2013年07月23日 | 国会・政党・選挙
 参院選が終わりました。
 改憲を標榜する自民党が圧勝し、平和憲法を守りたいと願う身としては、この国の将来、そして子どもたちの未来を憂えずにはいられません。

■ 日本共産党と社民党

 こんなときに、同じ護憲派の中には、日本共産党の議席を伸ばしたことを喜び、そこに期待するという声があります。
 たしかに、いま「護憲」を掲げている日本共産党の議席は減るよりは増えたほうが良いに決まっています。
 しかし、政治や国会の内情を少しでも分かる方ならば、社民党が議席を減らしたことの方が、深刻な事態だということがご理解頂けることだろうと思います。

■ 国会での影響力

 国会において、日本共産党は議席分の力しか持ちませんが、社民党は、前身の日本社会党の時代から、他党との合従連衡・共闘により、その数倍・数十倍の力を発揮してきました。
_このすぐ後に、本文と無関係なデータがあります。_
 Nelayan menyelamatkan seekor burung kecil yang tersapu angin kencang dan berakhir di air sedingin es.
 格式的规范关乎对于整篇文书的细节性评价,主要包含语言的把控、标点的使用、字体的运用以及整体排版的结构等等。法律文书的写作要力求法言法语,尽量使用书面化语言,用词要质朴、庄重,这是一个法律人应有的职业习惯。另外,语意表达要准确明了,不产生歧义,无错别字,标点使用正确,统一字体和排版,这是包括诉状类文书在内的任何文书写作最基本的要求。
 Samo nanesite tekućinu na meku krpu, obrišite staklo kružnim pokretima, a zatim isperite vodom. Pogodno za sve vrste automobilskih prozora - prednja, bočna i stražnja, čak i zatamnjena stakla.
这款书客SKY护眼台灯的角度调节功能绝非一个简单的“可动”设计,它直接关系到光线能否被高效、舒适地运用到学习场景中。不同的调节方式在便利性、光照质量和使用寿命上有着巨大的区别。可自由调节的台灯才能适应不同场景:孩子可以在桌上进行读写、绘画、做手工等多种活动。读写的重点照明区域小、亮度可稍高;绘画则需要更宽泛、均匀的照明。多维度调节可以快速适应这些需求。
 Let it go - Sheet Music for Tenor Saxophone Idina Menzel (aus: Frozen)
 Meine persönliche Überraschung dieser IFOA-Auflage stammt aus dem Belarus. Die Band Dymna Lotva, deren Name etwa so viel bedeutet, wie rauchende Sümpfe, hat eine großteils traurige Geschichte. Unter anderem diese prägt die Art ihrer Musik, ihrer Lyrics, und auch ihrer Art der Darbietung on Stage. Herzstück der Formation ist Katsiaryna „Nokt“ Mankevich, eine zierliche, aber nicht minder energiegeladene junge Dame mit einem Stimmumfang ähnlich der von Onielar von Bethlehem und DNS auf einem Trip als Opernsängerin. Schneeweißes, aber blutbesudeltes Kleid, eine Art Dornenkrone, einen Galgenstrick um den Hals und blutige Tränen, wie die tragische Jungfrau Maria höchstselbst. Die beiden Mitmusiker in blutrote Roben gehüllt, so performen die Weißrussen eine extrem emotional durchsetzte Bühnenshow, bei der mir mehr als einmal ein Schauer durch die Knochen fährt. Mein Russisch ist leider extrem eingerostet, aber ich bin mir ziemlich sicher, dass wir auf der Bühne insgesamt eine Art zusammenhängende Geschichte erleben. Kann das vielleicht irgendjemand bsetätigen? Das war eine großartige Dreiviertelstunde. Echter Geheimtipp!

それが、どれほど「護憲」に貢献してきたか、それは戦後史を見れば一目瞭然です。
 昭和にあっては自民党の対抗軸として他の野党と連携し、平成に入り自民党の別動部隊ができればその間に楔となり、敢えて自民党と連立を組み、その間に自民党の運動方針から「改憲」を削除させ、一方で「村山談話」により戦後の精算を行い、自公体制となってからは民主党との共闘しながら、その改憲色を後退させ、「生活再建」路線を強めながら、一時期は政権交代に貢献するなど、たえず日本社会党・社民党は政局を動かしてきてきました。

■ 「独善」を改めよ

 一方、日本共産党は残念ながら、自分たち以外は全て悪であり、敵であるという「独善」により、他党への影響力は全くありません。政局に絡んだといえば、今回の参院選の沖縄県選挙区での社会大衆党・糸数慶子氏を軸とする共闘を除けば、数十年前の「社共共闘」に遡らなければならないほどです。
 その日本共産党も、終戦直後の憲法9条反対・自衛戦力保持主張、旧ソ連の原子力政策の礼賛、チェルノブイリ事故後の「反原発」否定など、その「独善」も、分かる人には「偽善」も多くあるのです。
 だからこそ、国会で日本共産党は他党から相手にされず、その硬直性から、議席数分の影響力しか持たないのです。「護憲」を願う人々の声を受け止めたと思っているならば、日本共産党は、その「独善」を改め、社民党のように他党への影響力を持つことを考えるべきでしょう。

■ 残った「希望」

 今回の選挙で、「不幸中の幸い」だったのは、野党共闘の「軸」、あるいは護憲の「要石」と呼べる人物が、辛うじて議席を確保したことです。言うまでもなく、社民党の又市征治幹事長です。
 自身、毎年40回前後の国会質問を行い、かつて誰も注目しなかった特別会計に大胆に斬り込み、約36兆円の財源を捻出させ、外交にあっては北東アジア地域における紛争の「非戦解決」のための北東アジア安全保障機構などについて中韓首脳を説得し、一方で幅広い人脈を結集して超党派の護憲フォーラムを立ち上げるなど、内政においても、外交にあっても、護憲についても、又市氏こそ最も重要な人物です。
 又市氏の1議席は、他のどの議席よりも重要であり、これまでも、他の議員の数倍、あるいは数十倍の力を持ってきました。
 6年前、元政治記者によって書かれた又市氏の生い立ち(政治家「又市征治」という男)を読めば、彼はどの議員よりも、戦後の苦しみ、貧困、飢え、苦学、労働を、文字通り「体」で知っている人物です。
 「頭でっかち」の「改憲派」が増える中、又市氏こそが「護憲派の真の結集軸」であり、私たちに残された最大の「希望」であると思います。